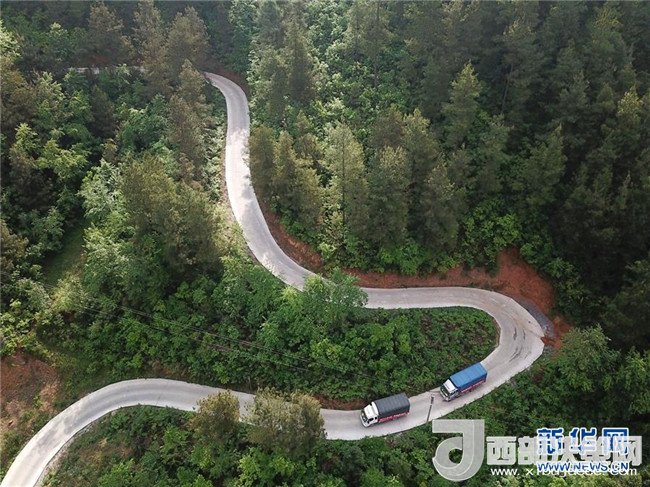 4月22日,幫助吉雪家搬家的貨車行駛在鄉(xiāng)村公路上(無(wú)人機(jī)拍攝)。
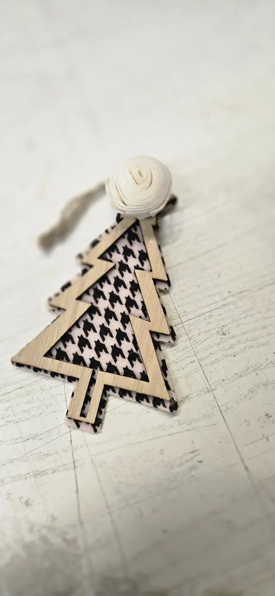 Houndstooth Christmas Tree Ornament with wood flower
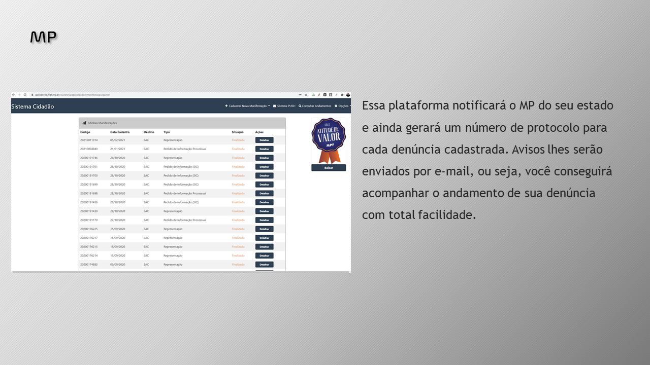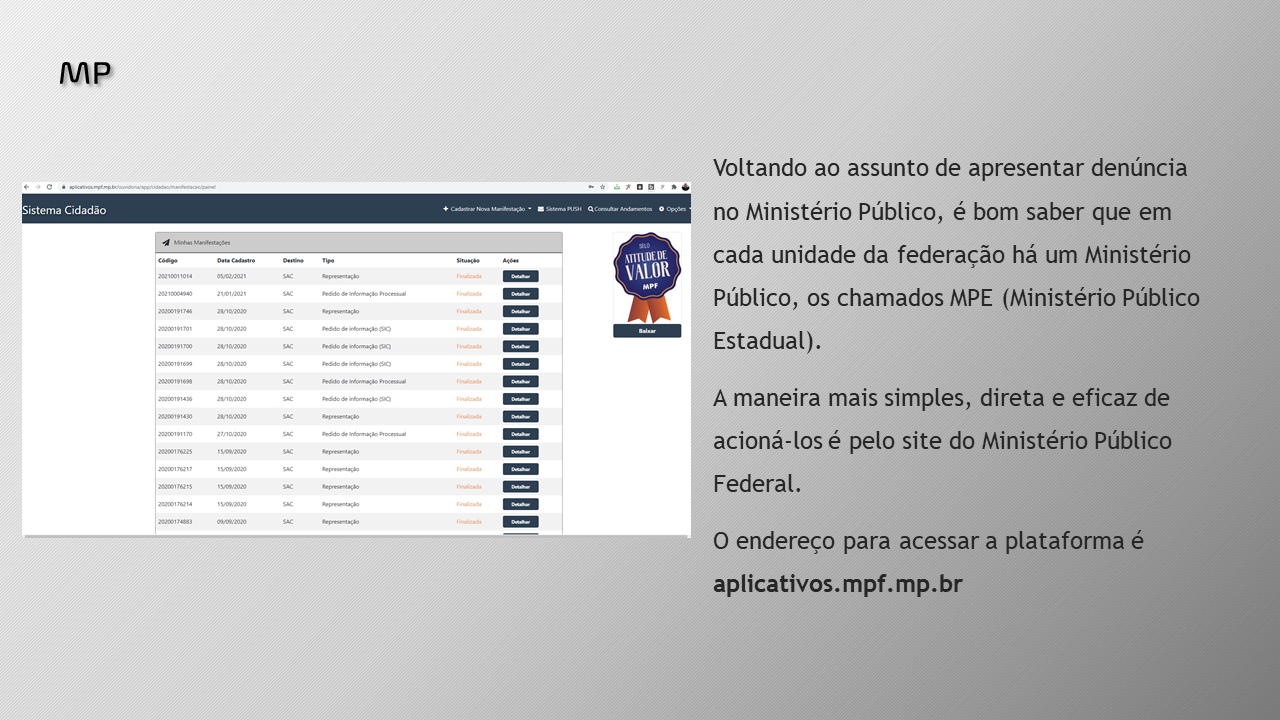 Para denunciar no MPE via site do MPF, você precisará fazer o cadastro neste link.
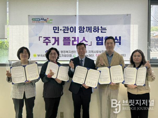 브릿지저널 윤나영 기자 | 부산 금정구 부곡4동은 지난 4월 21일 세정나눔재단, 금정구 자원봉사센터, 부곡4동 지역사회보장협의체, 부곡4동 새마을지도자협의회와 함께 『민관협력 주거 플러스』 사업 추진을 위한 업무협약을 체결했다.
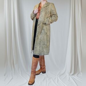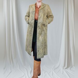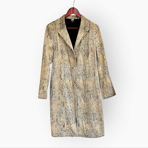 Worth New York Vintage Faux Fur Leopard Snake Print Long Line Midi Trench Coat M
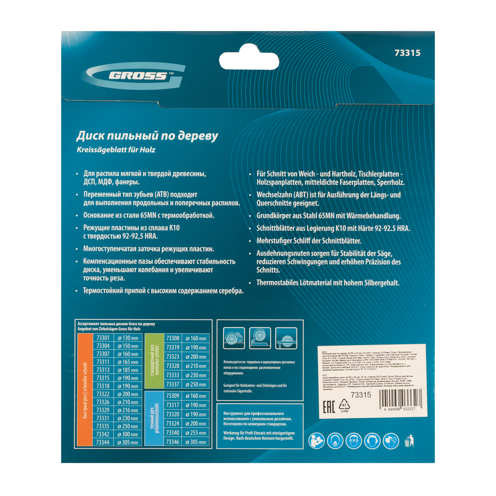 Пильный диск по дереву 190 x 20/16 x 24Т Gross
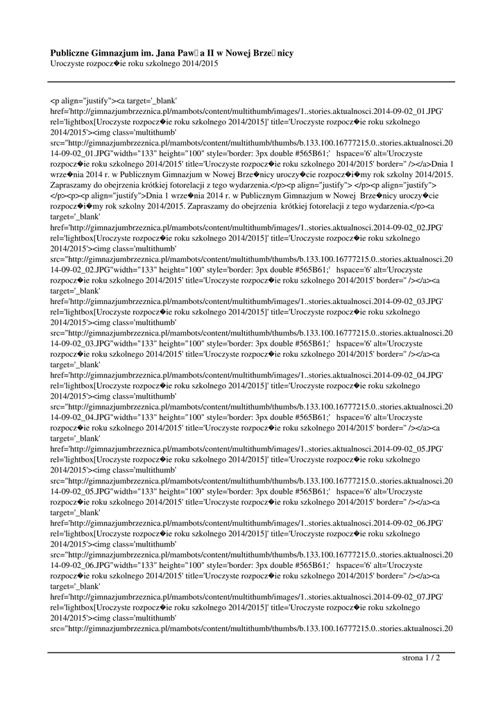 Publiczne Gimnazjum im. Jana Paw�a II w Nowej Brze�nicy Uroczyste rozpocz�ie roku szkolnego 2014/2015 <p align="justify"><a target='_blank' href='http://gimnazjumbrzeznica.pl/mambots/content/multithumb/images/1..stories.aktualnosci.2014-09-02_01.JPG' rel='lightbox[Uroczyste rozpocz�ie roku szkolnego 2014/2015]' title='Uroczyste rozpocz�ie roku szkolnego 2014/2015'><img class='multithumb' src="http://gimnazjumbrzeznica.pl/mambots/content/multithumb/thumbs/b.133.100.16777215.0..stories.aktualnosci.20 14-09-02_01.JPG"width="133" height="100" style='border: 3px double #565B61;' hspace='6' alt='Uroczyste rozpocz�ie roku szkolnego 2014/2015' title='Uroczyste rozpocz�ie roku szkolnego 2014/2015' border='' /></a>Dnia 1 wrze�nia 2014 r. w Publicznym Gimnazjum w Nowej Brze�nicy uroczy�cie rozpocz�i�my rok szkolny 2014/2015. Zapraszamy do obejrzenia krótkiej fotorelacji z tego wydarzenia.</p><p align="justify"> </p><p align="justify"> </p><p><p align="justify">Dnia 1 wrze�nia 2014 r. w Publicznym Gimnazjum w Nowej Brze�nicy uroczy�cie rozpocz�i�my rok szkolny 2014/2015. Zapraszamy do obejrzenia krótkiej fotorelacji z tego wydarzenia.</p><a target='_blank' href='http://gimnazjumbrzeznica.pl/mambots/content/multithumb/images/1..stories.aktualnosci.2014-09-02_02.JPG' rel='lightbox[Uroczyste rozpocz�ie roku szkolnego 2014/2015]' title='Uroczyste rozpocz�ie roku szkolnego 2014/2015'><img class='multithumb' src="http://gimnazjumbrzeznica.pl/mambots/content/multithumb/thumbs/b.133.100.16777215.0..stories.aktualnosci.20 14-09-02_02.JPG"width="133" height="100" style='border: 3px double #565B61;' hspace='6' alt='Uroczyste rozpocz�ie roku szkolnego 2014/2015' title='Uroczyste rozpocz�ie roku szkolnego 2014/2015' border='' /></a><a target='_blank' href='http://gimnazjumbrzeznica.pl/mambots/content/multithumb/images/1..stories.aktualnosci.2014-09-02_03.JPG' rel='lightbox[Uroczyste rozpocz�ie roku szkolnego 2014/2015]' title='Uroczyste rozpocz�ie roku szkolnego 2014/2015'><img class='multithumb' src="http://gimnazjumbrzeznica.pl/mambots/content/multithumb/thumbs/b.133.100.16777215.0..stories.aktualnosci.20 14-09-02_03.JPG"width="133" height="100" style='border: 3px double #565B61;' hspace='6' alt='Uroczyste rozpocz�ie roku szkolnego 2014/2015' title='Uroczyste rozpocz�ie roku szkolnego 2014/2015' border='' /></a><a target='_blank' href='http://gimnazjumbrzeznica.pl/mambots/content/multithumb/images/1..stories.aktualnosci.2014-09-02_04.JPG' rel='lightbox[Uroczyste rozpocz�ie roku szkolnego 2014/2015]' title='Uroczyste rozpocz�ie roku szkolnego 2014/2015'><img class='multithumb' src="http://gimnazjumbrzeznica.pl/mambots/content/multithumb/thumbs/b.133.100.16777215.0..stories.aktualnosci.20 14-09-02_04.JPG"width="133" height="100" style='border: 3px double #565B61;' hspace='6' alt='Uroczyste rozpocz�ie roku szkolnego 2014/2015' title='Uroczyste rozpocz�ie roku szkolnego 2014/2015' border='' /></a><a target='_blank' href='http://gimnazjumbrzeznica.pl/mambots/content/multithumb/images/1..stories.aktualnosci.2014-09-02_05.JPG' rel='lightbox[Uroczyste rozpocz�ie roku szkolnego 2014/2015]' title='Uroczyste rozpocz�ie roku szkolnego 2014/2015'><img class='multithumb' src="http://gimnazjumbrzeznica.pl/mambots/content/multithumb/thumbs/b.133.100.16777215.0..stories.aktualnosci.20 14-09-02_05.JPG"width="133" height="100" style='border: 3px double #565B61;' hspace='6' alt='Uroczyste rozpocz�ie roku szkolnego 2014/2015' title='Uroczyste rozpocz�ie roku szkolnego 2014/2015' border='' /></a><a target='_blank' href='http://gimnazjumbrzeznica.pl/mambots/content/multithumb/images/1..stories.aktualnosci.2014-09-02_06.JPG' rel='lightbox[Uroczyste rozpocz�ie roku szkolnego 2014/2015]' title='Uroczyste rozpocz�ie roku szkolnego 2014/2015'><img class='multithumb' src="http://gimnazjumbrzeznica.pl/mambots/content/multithumb/thumbs/b.133.100.16777215.0..stories.aktualnosci.20 14-09-02_06.JPG"width="133" height="100" style='border: 3px double #565B61;' hspace='6' alt='Uroczyste rozpocz�ie roku szkolnego 2014/2015' title='Uroczyste rozpocz�ie roku szkolnego 2014/2015' border='' /></a><a target='_blank' href='http://gimnazjumbrzeznica.pl/mambots/content/multithumb/images/1..stories.aktualnosci.2014-09-02_07.JPG' rel='lightbox[Uroczyste rozpocz�ie roku szkolnego 2014/2015]' title='Uroczyste rozpocz�ie roku szkolnego 2014/2015'><img class='multithumb' src="http://gimnazjumbrzeznica.pl/mambots/content/multithumb/thumbs/b.133.100.16777215.0..stories.aktualnosci.20 strona 1 / 2 Publiczne Gimnazjum im. Jana Paw�a II w Nowej Brze�nicy Uroczyste rozpocz�ie roku szkolnego 2014/2015 14-09-02_07.JPG"width="133" height="100" style='border: 3px double #565B61;' hspace='6' alt='Uroczyste rozpocz�ie roku szkolnego 2014/2015' title='Uroczyste rozpocz�ie roku szkolnego 2014/2015' border='' /></a><a target='_blank' href='http://gimnazjumbrzeznica.pl/mambots/content/multithumb/images/1..stories.aktualnosci.2014-09-02_08.JPG' rel='lightbox[Uroczyste rozpocz�ie roku szkolnego 2014/2015]' title='Uroczyste rozpocz�ie roku szkolnego 2014/2015'><img class='multithumb' src="http://gimnazjumbrzeznica.pl/mambots/content/multithumb/thumbs/b.133.100.16777215.0..stories.aktualnosci.20 14-09-02_08.JPG"width="133" height="100" style='border: 3px double #565B61;' hspace='6' alt='Uroczyste rozpocz�ie roku szkolnego 2014/2015' title='Uroczyste rozpocz�ie roku szkolnego 2014/2015' border='' /></a> strona 2 / 2

# # # # #

◆ **WHAT THE TASK ASKS**: Exactly the lines above, from the one containing "Houndstooth Christmas Tree" down to the one containing "브릿지저널 윤나영 기자", are to be repeated, including both ends. Pictures are not part of the copy.

◆ **EXERCISE RESPONSE**:
 Houndstooth Christmas Tree Ornament with wood flower
 Para denunciar no MPE via site do MPF, você precisará fazer o cadastro neste link.
 브릿지저널 윤나영 기자 | 부산 금정구 부곡4동은 지난 4월 21일 세정나눔재단, 금정구 자원봉사센터, 부곡4동 지역사회보장협의체, 부곡4동 새마을지도자협의회와 함께 『민관협력 주거 플러스』 사업 추진을 위한 업무협약을 체결했다.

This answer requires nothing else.